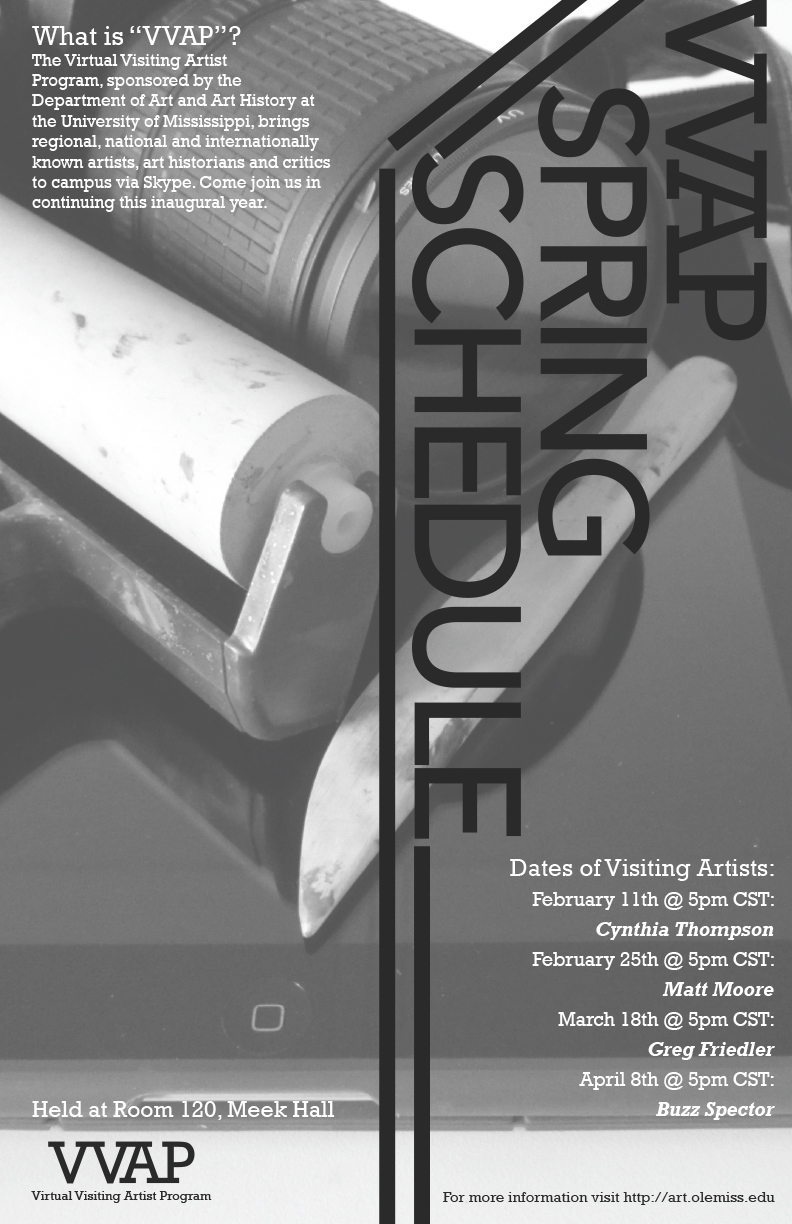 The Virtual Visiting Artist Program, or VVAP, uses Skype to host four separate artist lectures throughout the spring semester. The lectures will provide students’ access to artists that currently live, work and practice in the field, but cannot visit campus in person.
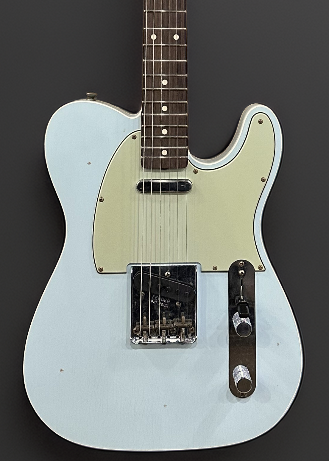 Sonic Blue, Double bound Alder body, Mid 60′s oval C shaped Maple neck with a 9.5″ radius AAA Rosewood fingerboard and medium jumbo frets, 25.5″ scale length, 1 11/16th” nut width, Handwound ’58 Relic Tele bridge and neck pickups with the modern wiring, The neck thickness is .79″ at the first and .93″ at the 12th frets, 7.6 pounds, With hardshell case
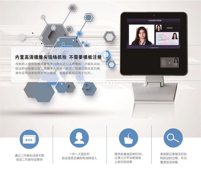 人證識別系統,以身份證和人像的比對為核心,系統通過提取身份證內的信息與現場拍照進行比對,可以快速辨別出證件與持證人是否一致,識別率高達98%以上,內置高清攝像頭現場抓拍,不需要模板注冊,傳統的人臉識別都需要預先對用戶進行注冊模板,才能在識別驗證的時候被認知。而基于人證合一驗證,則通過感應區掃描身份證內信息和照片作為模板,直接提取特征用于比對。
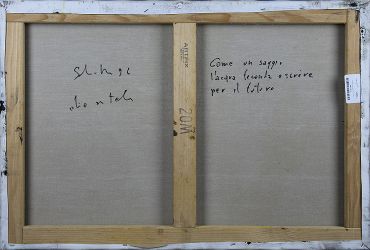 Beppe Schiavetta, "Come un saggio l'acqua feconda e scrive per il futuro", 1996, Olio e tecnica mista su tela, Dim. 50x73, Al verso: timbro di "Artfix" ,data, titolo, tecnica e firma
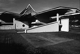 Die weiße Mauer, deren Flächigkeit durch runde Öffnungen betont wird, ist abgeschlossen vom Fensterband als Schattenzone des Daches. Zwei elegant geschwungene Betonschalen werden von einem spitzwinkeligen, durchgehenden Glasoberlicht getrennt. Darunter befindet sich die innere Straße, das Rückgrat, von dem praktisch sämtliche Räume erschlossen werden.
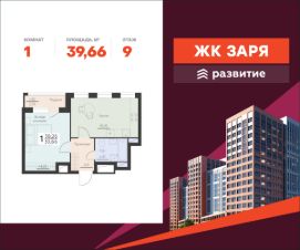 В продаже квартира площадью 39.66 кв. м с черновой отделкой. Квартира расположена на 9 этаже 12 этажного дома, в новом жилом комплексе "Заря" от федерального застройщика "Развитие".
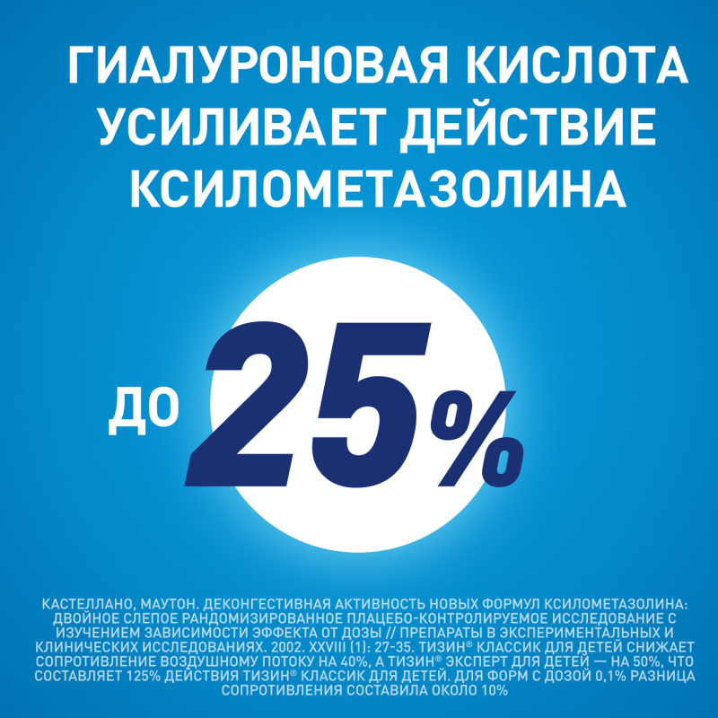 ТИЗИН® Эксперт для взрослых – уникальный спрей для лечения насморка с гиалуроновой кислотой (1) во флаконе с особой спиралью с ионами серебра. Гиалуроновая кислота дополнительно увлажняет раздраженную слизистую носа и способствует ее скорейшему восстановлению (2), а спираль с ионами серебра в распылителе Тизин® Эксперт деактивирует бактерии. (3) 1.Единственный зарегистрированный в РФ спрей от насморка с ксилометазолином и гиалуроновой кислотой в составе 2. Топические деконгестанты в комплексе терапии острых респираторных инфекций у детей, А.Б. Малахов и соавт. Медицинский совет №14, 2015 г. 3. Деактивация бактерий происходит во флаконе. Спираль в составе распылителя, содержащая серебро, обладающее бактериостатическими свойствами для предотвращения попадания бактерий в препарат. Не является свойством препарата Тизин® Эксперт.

▸ REQUIRED WORK: Reproduce the lines above beginning at the line that contains "Sonic Blue, Double" and ending at the line that contains "Die weiße Mauer, deren". No pictures.

▸ RESULT OF THIS EXERCISE:
 Sonic Blue, Double bound Alder body, Mid 60′s oval C shaped Maple neck with a 9.5″ radius AAA Rosewood fingerboard and medium jumbo frets, 25.5″ scale length, 1 11/16th” nut width, Handwound ’58 Relic Tele bridge and neck pickups with the modern wiring, The neck thickness is .79″ at the first and .93″ at the 12th frets, 7.6 pounds, With hardshell case
 人證識別系統,以身份證和人像的比對為核心,系統通過提取身份證內的信息與現場拍照進行比對,可以快速辨別出證件與持證人是否一致,識別率高達98%以上,內置高清攝像頭現場抓拍,不需要模板注冊,傳統的人臉識別都需要預先對用戶進行注冊模板,才能在識別驗證的時候被認知。而基于人證合一驗證,則通過感應區掃描身份證內信息和照片作為模板,直接提取特征用于比對。
 Beppe Schiavetta, "Come un saggio l'acqua feconda e scrive per il futuro", 1996, Olio e tecnica mista su tela, Dim. 50x73, Al verso: timbro di "Artfix" ,data, titolo, tecnica e firma
 Die weiße Mauer, deren Flächigkeit durch runde Öffnungen betont wird, ist abgeschlossen vom Fensterband als Schattenzone des Daches. Zwei elegant geschwungene Betonschalen werden von einem spitzwinkeligen, durchgehenden Glasoberlicht getrennt. Darunter befindet sich die innere Straße, das Rückgrat, von dem praktisch sämtliche Räume erschlossen werden.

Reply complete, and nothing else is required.